Data extract ::
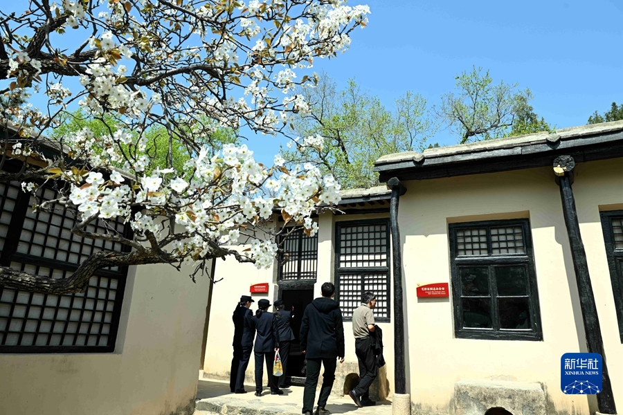 3月29日,游客在春花盛開(kāi)的西柏坡中共中央舊址參觀(guān)。
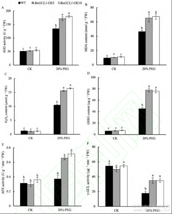在干旱胁迫下,与野生型相比,BnGCL1-OE5和BnGCL1-OE10的抗氧化酶活性显著提高,其中APX活性分别增加77.21%和93.01%,γ-GCL活性分别增加96.65%和96.49%,GSSG含量分别增加72.14%和67.59%。同时,SOD活性分别提高28.13%和34.08%,MDA含量分别增加40.71%和45.19%,H2O2含量分别增加48.50%和56.86%。这些结果表明,BnGCL1能增强抗氧化能力,提高植物应对干旱胁迫的能力(图8)。
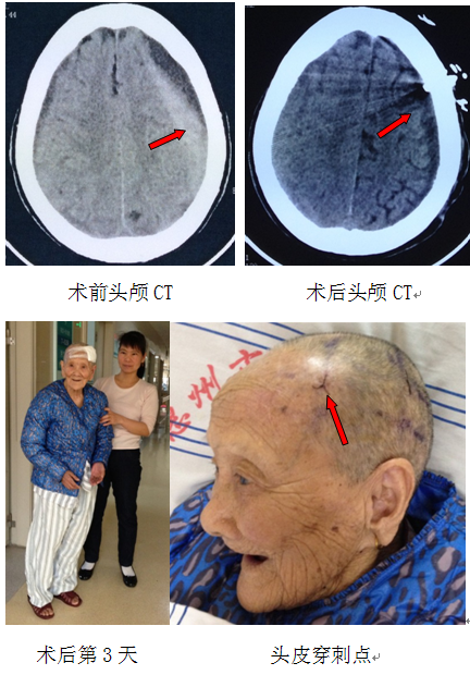 老奶奶因头痛多天,家乡经初步治疗无效后,在儿孙的陪同下就诊我院内科。行头颅CT检查提示左侧额颞顶枕巨大的硬膜下血肿,已严重压痛脑组织致神志、精神差和右侧肢体偏瘫。收住我院的神经外科,经家属同意,予第二天在局麻下行改良的“微创穿刺冲洗引流术”,手术中冲洗引流处血肿约100ml。术后第1天患者神志清楚,精神良好,右侧肢体偏瘫好转,复查头颅CT示血肿已清除。术后第2天拔除留置的引流管,术后第8天办理出院。

Directions for this task :: Without the pictures, repeat the listing above exactly.

Response ::
 3月29日,游客在春花盛開(kāi)的西柏坡中共中央舊址參觀(guān)。
在干旱胁迫下,与野生型相比,BnGCL1-OE5和BnGCL1-OE10的抗氧化酶活性显著提高,其中APX活性分别增加77.21%和93.01%,γ-GCL活性分别增加96.65%和96.49%,GSSG含量分别增加72.14%和67.59%。同时,SOD活性分别提高28.13%和34.08%,MDA含量分别增加40.71%和45.19%,H2O2含量分别增加48.50%和56.86%。这些结果表明,BnGCL1能增强抗氧化能力,提高植物应对干旱胁迫的能力(图8)。
 老奶奶因头痛多天,家乡经初步治疗无效后,在儿孙的陪同下就诊我院内科。行头颅CT检查提示左侧额颞顶枕巨大的硬膜下血肿,已严重压痛脑组织致神志、精神差和右侧肢体偏瘫。收住我院的神经外科,经家属同意,予第二天在局麻下行改良的“微创穿刺冲洗引流术”,手术中冲洗引流处血肿约100ml。术后第1天患者神志清楚,精神良好,右侧肢体偏瘫好转,复查头颅CT示血肿已清除。术后第2天拔除留置的引流管,术后第8天办理出院。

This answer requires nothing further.